From this position they were asked to maintain the starting position for 4 s (phase 1), complete cervical flexion for 4 s (phase 2), sustain cervical full flexion for 4 s (phase 3) and cervical extension with return to the starting position for 4 s (phase 4) [22]. Each subject performed three trials of this protocol. Throughout the test to prevent the effect of speed on FRP, the pace was controlled by a digital metronome [10, 23]. Before the test, all subjects were instructed to perform full correct cervical flexion, without protrusion of the head at the preset pace. The SEMG activity of CES and upper trapezius (UTr) muscles was recorded simultaneously with electrogoniometer during all phases of movement. For the purpose of SEMG data normalisation, the subjects performed maximum voluntary isometric contractions (MVICs) of CES and UTr muscles after the trials and electromyographic activities were recorded. The MVIC for CES muscles were obtained in sitting position, and for this reason a cuff was wrapped around the head which was connected to a stable attachment at the same height and subjects maximally pulled back on the wire [24]. In order to obtain MVIC for UTr in seated position, the subjects were asked to perform an isometric shoulder shrug [22]. For obtaining MVIC the subjects performed three repetitions for 5 s, and 2 min interval was considered between contractions to prevent muscle fatigue. In order to investigate the intra-session reliability of study variables, the result of three tests was recorded.

Instrumentation

During each trial, myoelectrical activity of CES and UTr muscles was recorded with a SEMG device (Biometrics Ltd, UK). Bipolar disposal surface Ag–AgCl electrodes were applied bilaterally, 2 cm lateral to C4 spinous process for recording myoelectrical activity of CES muscles [25, 26] and also were placed lateral to the half-way point of an imaginary line formed by the posterior aspect of the acromion and the spinous process of C7 for the UTr [22]. The electrodes were positioned in the direction of the muscle fibres. Skin impedance was reduced by shaving, abrasion and washing the skin with cotton soaked in alcohol before application of the SEMG electrodes. Inter-electrode distance was 20 mm and electrode leads were taped to the skin. A ground electrode was placed on the right wrist. A sampling rate of 1,000 Hz, band pass filtered between 10 and 500 Hz (amplified with common mode rejection ratio >110 dB, overall gain 1,000, noise <1 μV RMS) were used.

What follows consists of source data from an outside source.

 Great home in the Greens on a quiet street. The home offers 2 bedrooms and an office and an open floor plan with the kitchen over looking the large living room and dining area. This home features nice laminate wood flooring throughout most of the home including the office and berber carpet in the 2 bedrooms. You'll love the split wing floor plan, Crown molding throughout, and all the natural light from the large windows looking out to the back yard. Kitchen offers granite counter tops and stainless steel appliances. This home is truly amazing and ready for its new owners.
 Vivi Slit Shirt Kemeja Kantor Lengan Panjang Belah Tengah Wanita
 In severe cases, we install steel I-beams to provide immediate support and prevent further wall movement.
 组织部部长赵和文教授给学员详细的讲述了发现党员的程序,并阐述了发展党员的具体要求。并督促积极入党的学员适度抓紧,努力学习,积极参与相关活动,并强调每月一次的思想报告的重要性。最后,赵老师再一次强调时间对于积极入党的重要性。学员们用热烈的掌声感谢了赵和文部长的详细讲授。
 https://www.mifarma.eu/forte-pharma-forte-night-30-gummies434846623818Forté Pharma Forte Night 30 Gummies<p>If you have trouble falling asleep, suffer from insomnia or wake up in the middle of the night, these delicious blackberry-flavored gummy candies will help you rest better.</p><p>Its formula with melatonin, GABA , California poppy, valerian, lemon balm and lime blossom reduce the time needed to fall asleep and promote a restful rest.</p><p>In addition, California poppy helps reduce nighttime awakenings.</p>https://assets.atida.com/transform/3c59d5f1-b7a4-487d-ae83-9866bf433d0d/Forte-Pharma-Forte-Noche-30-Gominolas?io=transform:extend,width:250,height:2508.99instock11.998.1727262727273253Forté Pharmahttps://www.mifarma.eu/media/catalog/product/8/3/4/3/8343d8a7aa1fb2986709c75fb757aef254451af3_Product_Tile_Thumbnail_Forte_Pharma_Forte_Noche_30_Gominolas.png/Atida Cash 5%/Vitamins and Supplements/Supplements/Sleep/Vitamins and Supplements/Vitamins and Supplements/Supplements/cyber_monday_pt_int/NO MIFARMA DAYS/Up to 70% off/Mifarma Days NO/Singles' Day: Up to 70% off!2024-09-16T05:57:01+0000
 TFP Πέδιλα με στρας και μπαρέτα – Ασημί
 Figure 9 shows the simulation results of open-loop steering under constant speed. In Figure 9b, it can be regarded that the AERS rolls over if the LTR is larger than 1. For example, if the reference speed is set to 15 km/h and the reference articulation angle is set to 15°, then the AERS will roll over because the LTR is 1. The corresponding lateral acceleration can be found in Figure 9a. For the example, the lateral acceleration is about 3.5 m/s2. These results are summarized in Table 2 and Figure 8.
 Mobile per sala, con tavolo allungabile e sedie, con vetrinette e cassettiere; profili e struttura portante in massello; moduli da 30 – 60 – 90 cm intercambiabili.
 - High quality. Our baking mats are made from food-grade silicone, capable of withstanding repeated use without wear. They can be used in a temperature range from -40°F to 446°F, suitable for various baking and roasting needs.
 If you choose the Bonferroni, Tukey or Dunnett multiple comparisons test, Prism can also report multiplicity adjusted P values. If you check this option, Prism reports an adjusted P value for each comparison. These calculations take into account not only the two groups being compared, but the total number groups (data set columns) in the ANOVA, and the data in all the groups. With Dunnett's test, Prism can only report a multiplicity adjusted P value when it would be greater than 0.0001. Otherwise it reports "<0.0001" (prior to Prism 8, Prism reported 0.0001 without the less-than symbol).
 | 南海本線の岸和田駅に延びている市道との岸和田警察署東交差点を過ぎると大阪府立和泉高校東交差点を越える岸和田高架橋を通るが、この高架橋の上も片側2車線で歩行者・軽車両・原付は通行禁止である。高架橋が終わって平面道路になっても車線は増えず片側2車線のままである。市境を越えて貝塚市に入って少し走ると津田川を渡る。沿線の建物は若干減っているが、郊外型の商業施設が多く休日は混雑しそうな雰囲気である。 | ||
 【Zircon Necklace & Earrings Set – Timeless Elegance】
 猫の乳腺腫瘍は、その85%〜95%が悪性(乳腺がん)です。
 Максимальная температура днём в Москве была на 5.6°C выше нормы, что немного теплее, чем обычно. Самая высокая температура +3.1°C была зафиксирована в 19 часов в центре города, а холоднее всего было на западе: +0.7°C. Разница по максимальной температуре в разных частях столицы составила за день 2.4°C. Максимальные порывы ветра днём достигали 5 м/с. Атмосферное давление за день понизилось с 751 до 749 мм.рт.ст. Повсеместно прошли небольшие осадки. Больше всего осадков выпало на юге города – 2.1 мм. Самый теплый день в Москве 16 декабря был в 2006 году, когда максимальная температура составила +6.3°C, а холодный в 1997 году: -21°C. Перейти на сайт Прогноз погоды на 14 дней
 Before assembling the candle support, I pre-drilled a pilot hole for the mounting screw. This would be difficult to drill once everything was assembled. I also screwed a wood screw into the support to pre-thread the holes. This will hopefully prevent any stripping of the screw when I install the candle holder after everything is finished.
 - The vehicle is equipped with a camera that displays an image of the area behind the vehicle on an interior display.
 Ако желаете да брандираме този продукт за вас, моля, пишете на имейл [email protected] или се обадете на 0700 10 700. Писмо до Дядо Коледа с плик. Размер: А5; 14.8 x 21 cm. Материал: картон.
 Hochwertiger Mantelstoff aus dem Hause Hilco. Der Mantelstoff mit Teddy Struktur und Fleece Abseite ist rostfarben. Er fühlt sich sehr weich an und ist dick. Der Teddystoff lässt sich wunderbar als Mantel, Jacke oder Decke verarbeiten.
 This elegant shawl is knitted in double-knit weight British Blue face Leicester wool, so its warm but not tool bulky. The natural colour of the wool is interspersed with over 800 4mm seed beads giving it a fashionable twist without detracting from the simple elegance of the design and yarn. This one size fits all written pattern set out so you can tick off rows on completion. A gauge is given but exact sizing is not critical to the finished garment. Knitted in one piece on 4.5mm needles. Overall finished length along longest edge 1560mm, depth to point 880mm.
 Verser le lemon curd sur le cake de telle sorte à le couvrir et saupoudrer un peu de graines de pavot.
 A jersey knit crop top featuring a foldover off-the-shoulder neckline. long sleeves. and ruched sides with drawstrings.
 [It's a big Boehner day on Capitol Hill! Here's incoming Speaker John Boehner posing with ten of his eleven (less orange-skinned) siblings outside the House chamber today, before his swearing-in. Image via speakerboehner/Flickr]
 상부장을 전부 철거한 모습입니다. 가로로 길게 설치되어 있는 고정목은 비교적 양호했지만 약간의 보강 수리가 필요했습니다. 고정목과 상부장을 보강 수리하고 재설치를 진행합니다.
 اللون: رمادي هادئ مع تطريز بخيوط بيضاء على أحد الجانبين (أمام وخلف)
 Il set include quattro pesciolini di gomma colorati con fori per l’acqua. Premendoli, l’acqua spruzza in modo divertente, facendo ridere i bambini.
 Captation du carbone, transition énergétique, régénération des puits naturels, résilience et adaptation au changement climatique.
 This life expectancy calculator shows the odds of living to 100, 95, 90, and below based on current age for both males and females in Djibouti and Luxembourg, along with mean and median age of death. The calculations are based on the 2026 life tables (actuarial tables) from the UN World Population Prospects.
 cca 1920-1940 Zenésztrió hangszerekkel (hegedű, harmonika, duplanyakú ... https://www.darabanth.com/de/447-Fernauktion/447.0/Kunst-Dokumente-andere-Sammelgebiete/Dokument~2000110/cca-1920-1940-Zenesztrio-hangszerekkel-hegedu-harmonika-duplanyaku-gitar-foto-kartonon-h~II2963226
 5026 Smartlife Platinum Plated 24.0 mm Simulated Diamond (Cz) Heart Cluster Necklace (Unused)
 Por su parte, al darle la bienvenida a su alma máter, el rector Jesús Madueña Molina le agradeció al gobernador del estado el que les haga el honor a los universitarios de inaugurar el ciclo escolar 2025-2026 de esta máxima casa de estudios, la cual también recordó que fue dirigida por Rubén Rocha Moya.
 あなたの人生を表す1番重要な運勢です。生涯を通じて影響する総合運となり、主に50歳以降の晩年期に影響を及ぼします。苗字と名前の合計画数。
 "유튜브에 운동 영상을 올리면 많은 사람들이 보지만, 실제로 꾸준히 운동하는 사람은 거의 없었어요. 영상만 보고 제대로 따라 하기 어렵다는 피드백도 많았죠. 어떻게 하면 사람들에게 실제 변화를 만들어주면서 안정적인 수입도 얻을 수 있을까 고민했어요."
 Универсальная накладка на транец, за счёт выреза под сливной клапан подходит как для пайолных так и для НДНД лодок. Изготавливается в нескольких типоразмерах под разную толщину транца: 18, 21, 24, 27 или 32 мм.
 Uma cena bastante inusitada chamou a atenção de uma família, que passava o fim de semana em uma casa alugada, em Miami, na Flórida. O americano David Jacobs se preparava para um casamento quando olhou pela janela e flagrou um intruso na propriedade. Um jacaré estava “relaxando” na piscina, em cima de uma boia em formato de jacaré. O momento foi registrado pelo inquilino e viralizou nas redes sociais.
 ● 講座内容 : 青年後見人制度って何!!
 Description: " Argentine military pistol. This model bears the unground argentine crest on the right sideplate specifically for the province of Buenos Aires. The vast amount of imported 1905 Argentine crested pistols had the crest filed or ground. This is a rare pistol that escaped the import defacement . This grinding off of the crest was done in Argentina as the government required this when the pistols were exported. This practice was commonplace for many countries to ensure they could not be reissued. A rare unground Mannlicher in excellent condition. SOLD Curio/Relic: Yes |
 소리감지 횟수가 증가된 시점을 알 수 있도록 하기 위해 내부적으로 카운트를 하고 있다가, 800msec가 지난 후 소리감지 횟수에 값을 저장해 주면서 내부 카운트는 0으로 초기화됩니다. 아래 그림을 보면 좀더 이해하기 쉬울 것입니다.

The angle between the head and trunk was recorded simultaneously with an electrogoniometer sensor with a sampling rate of 50 Hz (Biometrics Ltd) and introduced as a cervical range of motion (ROM). Placement of electrogoniometer sensor is depicted in Fig. 1.

Data analysis

The EMG data were filtered and RMS values (window length of 250 ms and window slide of 50 %) were obtained to determine the onset and offset of FRP using a digital software (Matlab, version 6.1).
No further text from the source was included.